**ASSIGNED TASK**
Take the line that contains "Fluxómetro de pedal para sanitario" and each one after it through the last line below, and retype them exactly. Leave out the pictures.

**DATA FOR REVIEW**
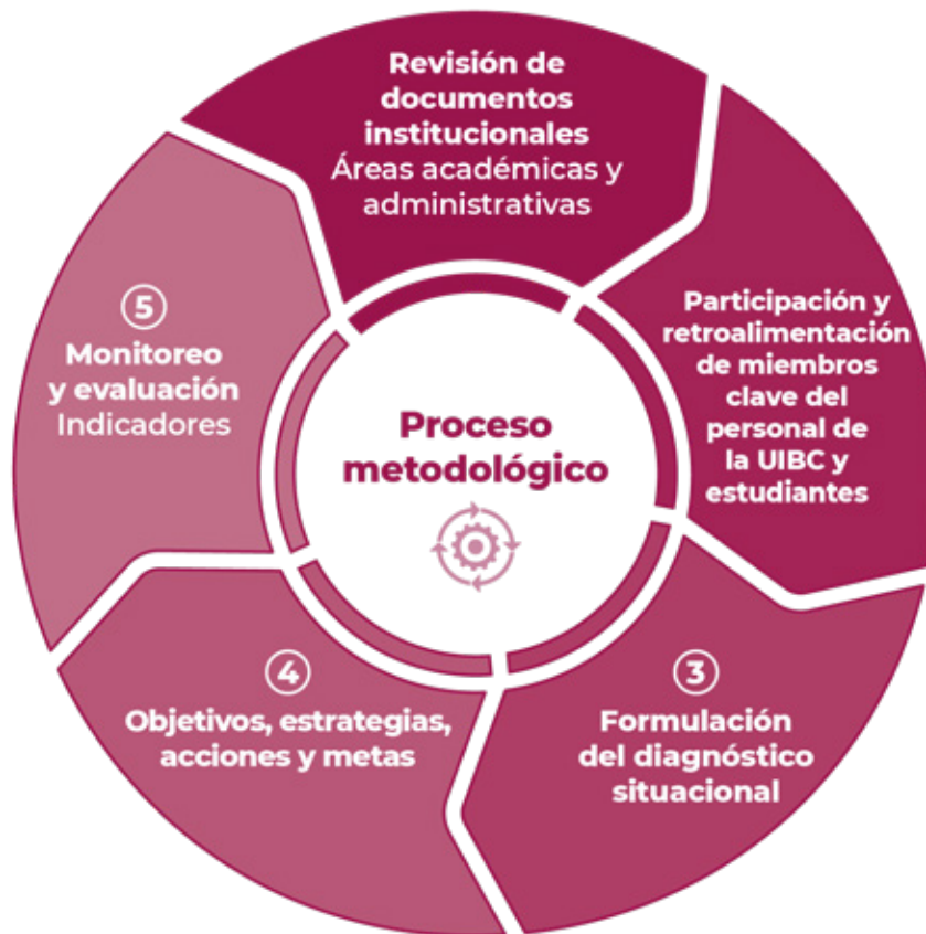
Esquema 1. Etapas del proceso de formulación del PID 2023-2027

Fuente: Elaboración de Coplade con datos proporcionados por la UIBC.
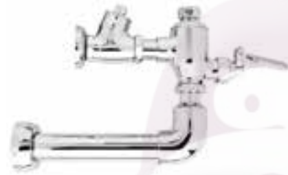
Fluxómetro de pedal para sanitario
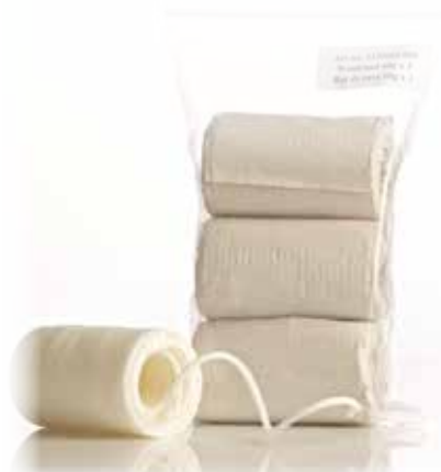
Wasdraad 3 x 60 gram zak met 3 rollen van 10 meter 1130004.000
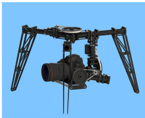
Рис. 2. Подвес топокоптера с фотокамерой

**ANSWER SPACE**
Fluxómetro de pedal para sanitario
Wasdraad 3 x 60 gram zak met 3 rollen van 10 meter 1130004.000
Рис. 2. Подвес топокоптера с фотокамерой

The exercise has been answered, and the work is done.